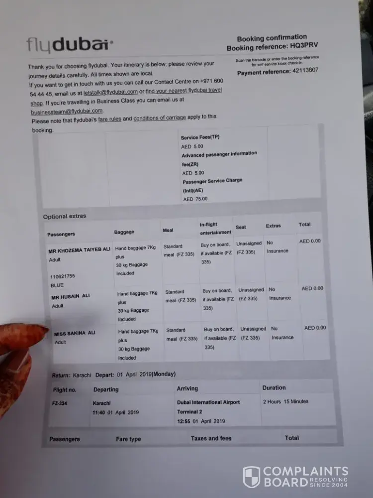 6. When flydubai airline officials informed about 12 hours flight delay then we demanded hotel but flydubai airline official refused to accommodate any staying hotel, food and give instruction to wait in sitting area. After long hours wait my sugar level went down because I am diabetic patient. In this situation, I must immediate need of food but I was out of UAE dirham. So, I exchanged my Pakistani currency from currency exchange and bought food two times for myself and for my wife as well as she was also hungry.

◇ ◇ ◇ ◇ ◇

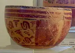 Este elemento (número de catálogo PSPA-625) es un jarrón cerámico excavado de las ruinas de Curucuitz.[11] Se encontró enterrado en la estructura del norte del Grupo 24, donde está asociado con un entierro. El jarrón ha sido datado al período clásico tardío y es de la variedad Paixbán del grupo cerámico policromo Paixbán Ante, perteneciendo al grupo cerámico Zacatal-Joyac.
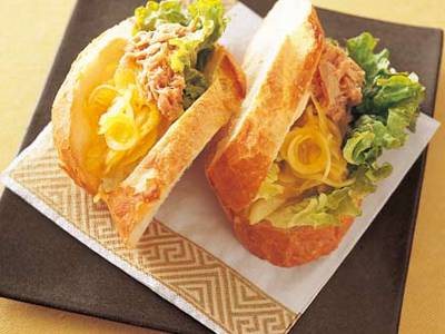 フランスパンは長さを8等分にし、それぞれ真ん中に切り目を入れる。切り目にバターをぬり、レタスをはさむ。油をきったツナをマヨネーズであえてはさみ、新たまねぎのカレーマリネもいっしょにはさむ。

◇ ◇ ◇ ◇ ◇

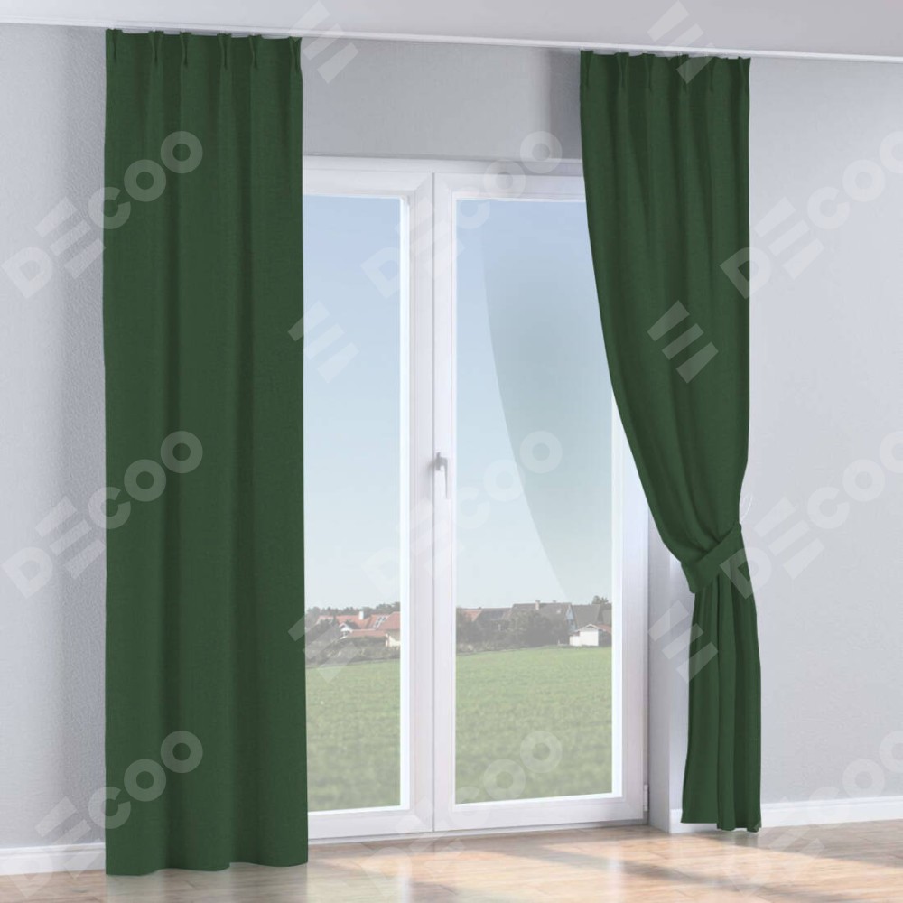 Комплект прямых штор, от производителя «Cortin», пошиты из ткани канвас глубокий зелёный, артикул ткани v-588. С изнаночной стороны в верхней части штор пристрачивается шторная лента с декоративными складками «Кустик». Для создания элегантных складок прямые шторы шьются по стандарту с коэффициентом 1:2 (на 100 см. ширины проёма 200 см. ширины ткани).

◇ ◇ ◇ ◇ ◇

§ WORK TASK
Please output, exactly as written, the lines above from the one holding "Este elemento (número" through the one holding "フランスパンは長さを8等分に", both included, with the pictures omitted.

§ TASK RESULT
 Este elemento (número de catálogo PSPA-625) es un jarrón cerámico excavado de las ruinas de Curucuitz.[11] Se encontró enterrado en la estructura del norte del Grupo 24, donde está asociado con un entierro. El jarrón ha sido datado al período clásico tardío y es de la variedad Paixbán del grupo cerámico policromo Paixbán Ante, perteneciendo al grupo cerámico Zacatal-Joyac.
 フランスパンは長さを8等分にし、それぞれ真ん中に切り目を入れる。切り目にバターをぬり、レタスをはさむ。油をきったツナをマヨネーズであえてはさみ、新たまねぎのカレーマリネもいっしょにはさむ。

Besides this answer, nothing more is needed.